By most objective standards, Mayra Trabulse should have her own restaurant. The woman known simply as Chef Mayra in the local vegan community has experience, a fan base and an intimate knowledge of a dining niche most agree is underserved. And yet in the three years since she was forced out of her popular Pura Vida Bakery & Bystro by eminent domain, she’s yet to secure funding to open a new eatery. But she hasn’t stopped working toward it.
Mayra came to Las Vegas after cooking in Florida, and it’s here that she converted to a vegan lifestyle. That led to a career as a private chef, both here and in California, before returning to Las Vegas in 2006.
“That’s when I started branding Chef Mayra, and started introducing veganism to the streets, so to speak,” she says of that period. “That’s when I used to go to First Fridays with my crock pot and serve food — my bean dip, anything to start talking about veganism.”
From there, she began a career catering weddings and baking cakes. In 2011, she opened Pura Vida on Western Avenue, just down the street from Little Darlings strip club. At the time, The Go Raw Café and Chinatown’s Veggie House were the centers of local veganism. And her new 10-table restaurant soon grew too popular for its location.

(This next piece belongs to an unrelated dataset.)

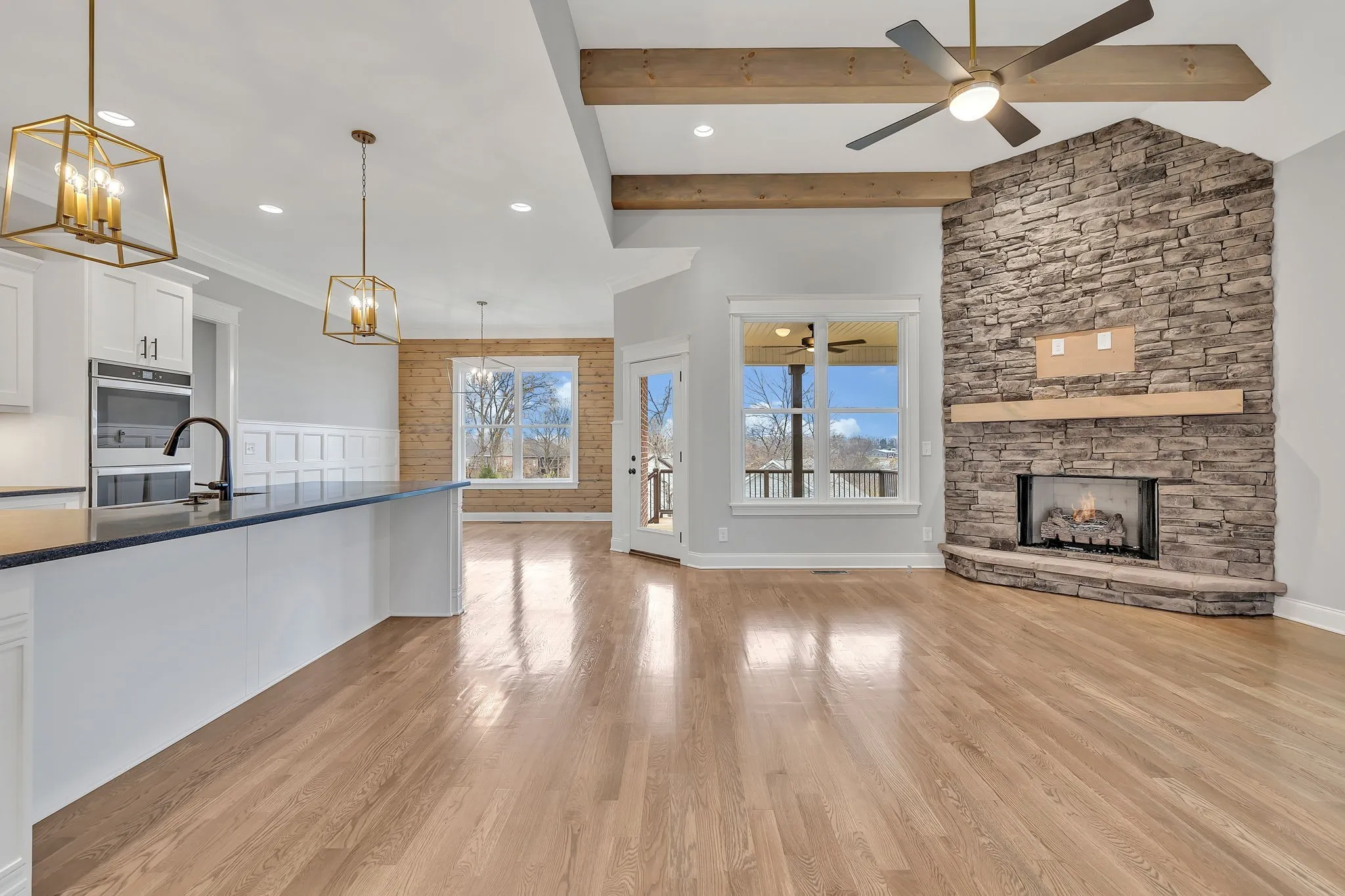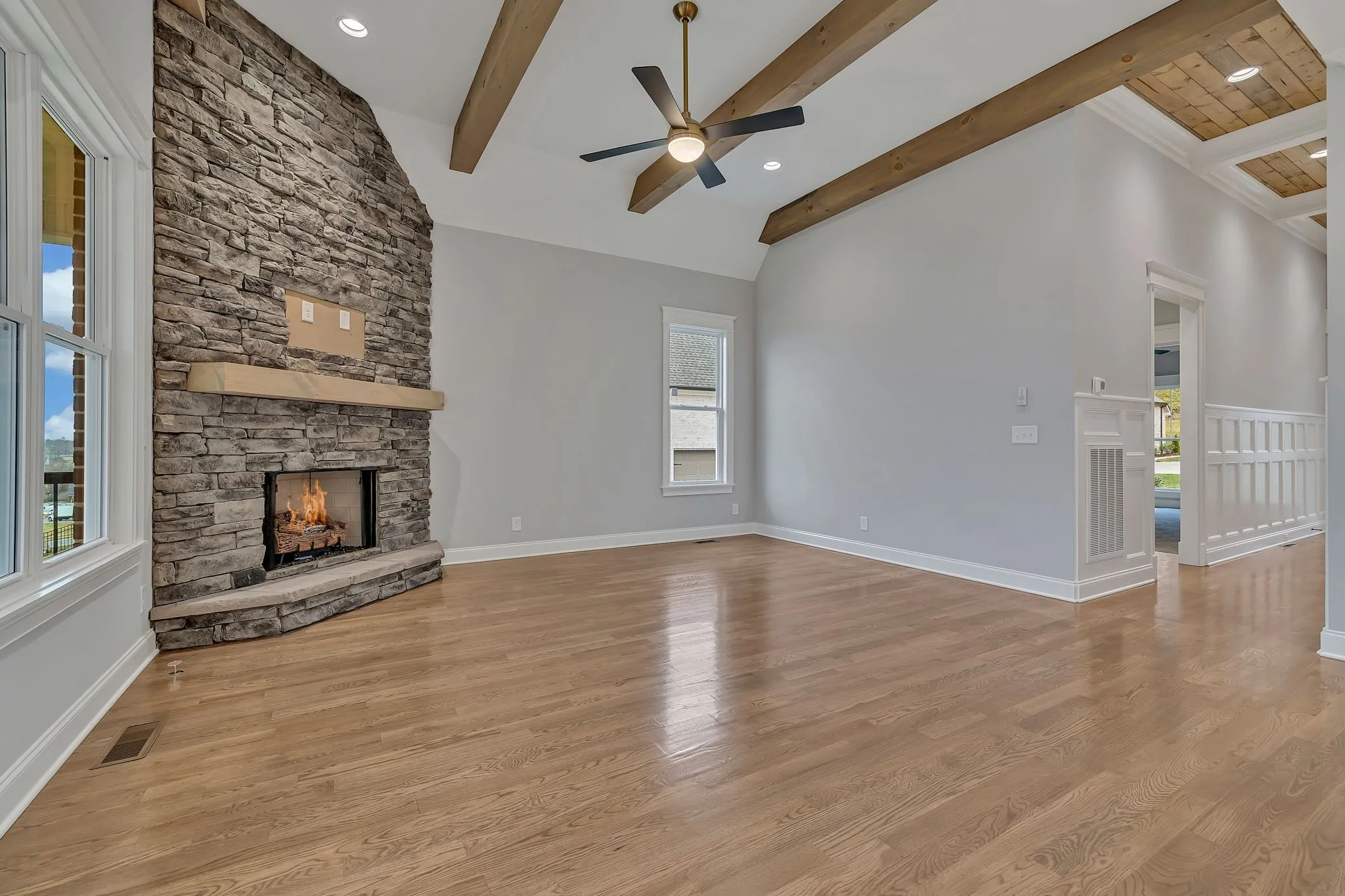 $20,000 toward closing cost and/or rate buy down with Preferred Lender Incentive. Limited Reduced Interest Rate Program Available With Preferred Lender-Call Us For More Details! The Peyton Plan, Exceptional Quality Construction by Eastland Construction Inc., This popular plan offers 4Brs (2 down), & 3 Full Baths, Living rm w/ 3/4 inch Oak Hardwood floors, Stone Gas Fireplace, and Wood Beams. Kitchen w/ Island w/ Granite tops, Custom Maple Cabinets, Hardwood Floors, Double Ovens, Gas Cooktop, Microwave drawer, and Tile Backsplash. Formal Dining Rm, Primary BR on Main level w/ Hardwood Floors & Beautiful Coffered Ceilings, 28×20 Recreation rm & pre-wired surround sound over 3 Car Side Entry Garage. Covered back deck and open patio. Excellent location in Mt. Juliet zoned Green Hills HS, Great Neighborhood Amenities and more!

“People wanted it,” Mayra says. “And then when the Wynn went with their vegan (menus), oh my God, I blew up. And I didn’t have money to grow.”
In 2014, the restaurant closed when the landlord was forced to sell to make way for the Project Neon highway expansion. But the chef’s three years without a restaurant have not been without kitchens.
While planning her next brick and mortar project, she’s been catering and consulting. She’s helped develop meatless burgers for the locally-based Protein House chain of fitness-focused restaurants. She spent Saturday serving plant-based products she developed for GFY Burgers and Fries to music fans at the Jam at the Barn festival in Blue Diamond. And on Friday, she’ll serve a vegan gala dinner to attendees of the Health, Healing & Happiness conference at Tuscany Suites.
Mayra says working with the Tuscany team may have opened opportunities for further work there, which could lead to more hotel partnerships. “I really believe that if we have a property that does all-vegan (options) cheaper than the Wynn,” she explains, “then we can have PETA or (other) major groups do conferences in town.”
But her long-term goal remains to have her own restaurant, offering something more than current vegan places — which she often describes as “cute.”
“I want to bring a different take on vegan,” she says. “I don’t think it should always be restaurants looking like that — really hippy-ish. I want to bring food and wine back, just with a side of vegan … to feel like a restaurant, and have ambience.”